A key hurdle to Donald Trump’s tax reforms has been eliminated, as last night’s US Senate vote in favour of a 2018 budget resolution means the president will only need a simple majority of 51 senators, rather than 60, to pass his tax cuts.
As a result he will not necessarily need to seek the support of Democratic legislators, assuming he can convince sufficient Republicans to back him.
A major programme of tax cuts was key to the president’s election campaign, with pledges to slash income and business taxes, as well as cutting some of the deductions and loopholes which complicate the system.
The latest budget bill opened the way for tax cuts of $1.5 trillion (£1.1 trillion) over 10 years, and also allows for extra spending in areas such as defence.

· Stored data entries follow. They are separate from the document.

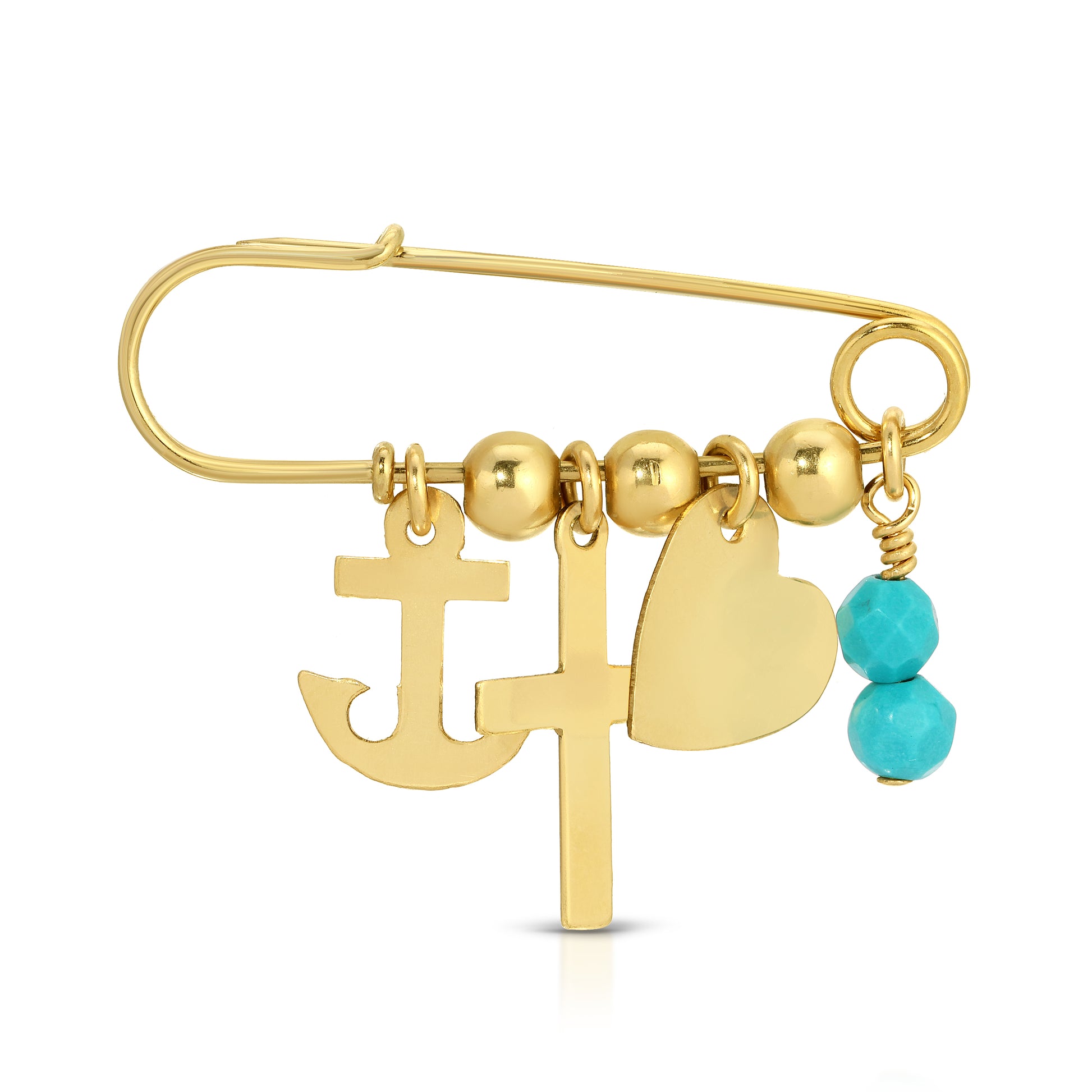 Give the meaningful gift of the three virtues of life,"Hope.Faith.Love". This beautiful pin is made of 14Kt God filled and Genuine turquoise beads. The charms can be removed in the future by a jeweler to be used on a chain.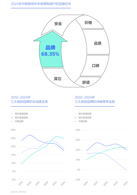 报告显示,2019年中国品牌的用户忠诚度不及10%,大幅落后于海外品牌,其中海外普通品牌和海外高端品牌(主流合资和传统豪华品牌)分别超过15%和23%,之后中国品牌的用户忠诚度持续提升,并于2023年一举超越海外品牌,2024年中国品牌仍维持在25%左右的水平,海外品牌则加速下滑。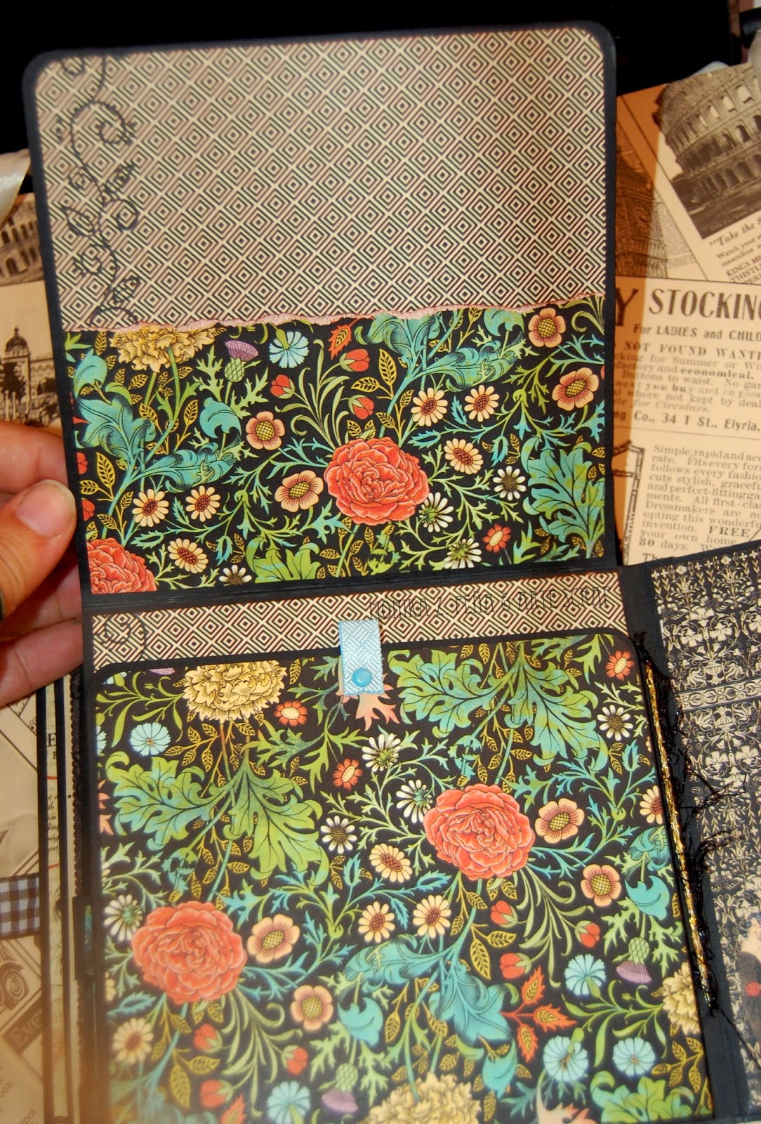 Para asegurar más la sujeción de las páginas, también las cosí con un par de cordeles color negro y oro, que a su vez, sirven para decorar el lomo con una lazada.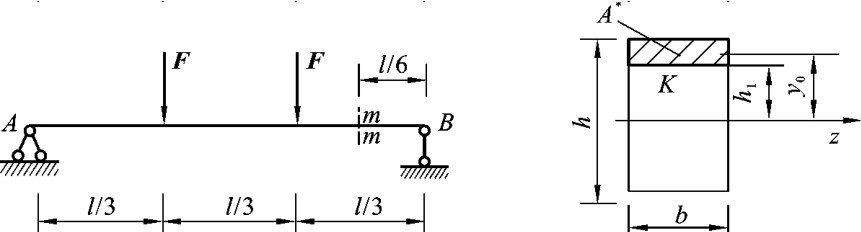 【例5-11】 矩形截面简支梁如图5-18所示。已知:l=3m,h=160mm,b=100mm,h1=40mm,F=3kN,求m—m截面上K点的切应力。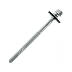Стальные оцинкованные саморезы с шестигранной головкой и сверловидным наконечником, укомплектованные шайбой и резиновой прокладкой, для крепления фасадных слоистых плит к металлическим несущим конструкциям. Оцинкованные саморезы 5,5/6,3×240 мм. Для прочного крепления сэндвич-панелей, устойчивы к коррозии, подходят для металло- и деревянных конструкций.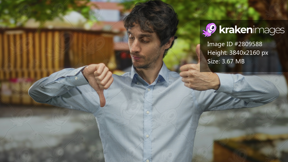 Man in light blue shirt smiles while holding left thumb down and right thumb up in a green park; indecision.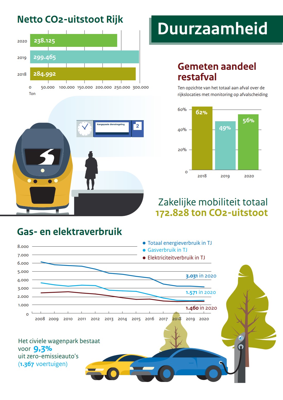 Het Rijk werkt aan een duurzaam herstel uit de coronacrisis. De inhaalslag voor de verduurzaming van de rijksbedrijfsvoering wordt daarom met een nieuw rijksbreed programma versterkt. Er liggen veel kansen, bijvoorbeeld op het vlak van huisvesting in combinatie met het verminderen van woon-werkverkeer door hybride werken. Ook de rijksbrede inkoopstrategie “Inkopen met Impact” biedt mogelijkheden voor duurzaamheid.

Stocks climbed modestly with the S&P 500 and the Dow Jones Industrial Average both closing up over 0.5pc, and gold sliding 0.6pc.
Treasury yields climbed to a nine-year high while the move also raised expectations of further interest rate hikes from the Federal Reserve.
Analysts believe the move should support stocks over the coming months - but those hoping for rapid progress on the tax plans may be disappointed.
“Overhauling the tax code and cutting taxes significantly, as planned by the president, is a very complex process and it will be no easy task for the administration to please all sides and get enough support for the final tax bill to be passed,” said Brian Davidson at Fathom Consulting.
“We believe that large corporate tax cuts will eventually be enacted, but this is more likely to happen in the first or second quarter next year, and not later this year as the administration hopes.”
For markets “the upshot is that we expect the so-called 'Trump trade' to come back to life as tax reform progresses, although it may be a bumpy ride as delays occur and divisions between Republicans are made public,” he said.
Mr Trump has pinned his hopes on tax cuts and spending hikes creating a substantial economic boost, with the result that tax revenues ultimately rise sufficiently to limit extra borrowing.
Economists remain sceptical of the proposals, however, and some Republicans are also keen to avoid a large increase in borrowing - meaning the president can expect some tough negotiations with his own party.
Meanwhile reports indicate that Jerome Powell, a governor at the Federal Reserve, is now the favourite candidate to replace Janet Yellen at the top of the central bank.
Ms Yellen had been considered a shoo-in by markets as unemployment is low and inflation under control, while she is very gradually pushing interest rates upwards from the emergency levels introduced in the wake of the financial crisis.
But in August she criticised the president’s plans to roll back the banking regulations introduced since the credit crunch and this is thought to have damaged her chance of being re-appointed when her term of office expires in February.
Gary Cohn, chief economic adviser at the White House, was another leading contender. But he criticised Mr Trump’s reaction to the Charlottesville protests, undermining his chances of taking the role.
Mr Cohn is also keen to push through major tax reforms, giving him an incentive to remain in his current role.